The problem with distribution tables is that they are only a snapshot in time and thus do not show how an individual's tax burden will change over his lifetime.
According to new data released by the Council of Economic Advisers, over a 10-year period there is a significant amount of income mobility -- the extent to which individuals move between income groups over the course of their lives. Between 1987 and 1996, for instance:
- Some (66 percent) of taxpayers exited the bottom tax bracket, with 9.3 percent moving up 3 or more tax brackets.
- Meanwhile, 50.9 percent of taxpayers fell out of the top bracket, with 23.1 percent moving down 3 or more tax brackets.

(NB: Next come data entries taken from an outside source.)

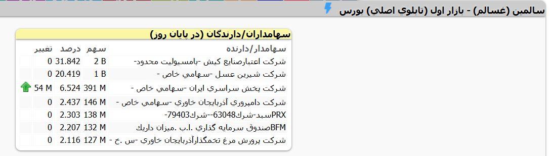 خریدار #غسالم در معامله بلوکی دیروز 3 شهریورماه شركت پخش سراسري ايران بود که جدای از این بلوک 4 میلیون سهم را هم در بازار عادی خریداری نمود.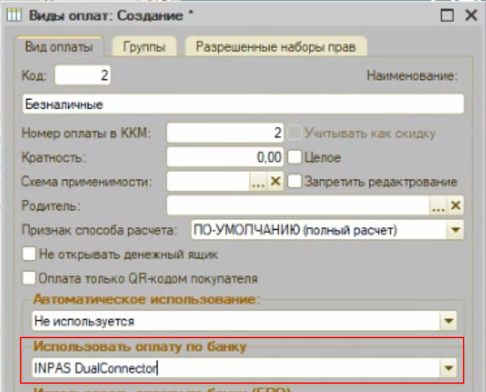 После необходимо привязать платежную систему к виду оплаты.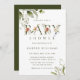 Este convite para chá de fraldas contém letras alfabéticas e buquês decorados com flores e folhas aquáticas em verde-sábado, rosa-pincel, vermelho, branco, terracota e verde. Para uma personalização mais avançada deste design, clique no BOTÃO FERRAMENTA DESIGN AZUL acima. Itens correspondentes também estão disponíveis.

- Overall, 53 percent of taxpayers found themselves in a different tax bracket over the 10-year period.
Income mobility is rarely taken into account in assessing tax proposals. This means that it is misleading when distributional analyses find that higher income groups will receive a larger portion of tax cut benefits over a 10 year period, because the majority of people in one income tax bracket at the beginning of the period will be in a different bracket by the decade's end.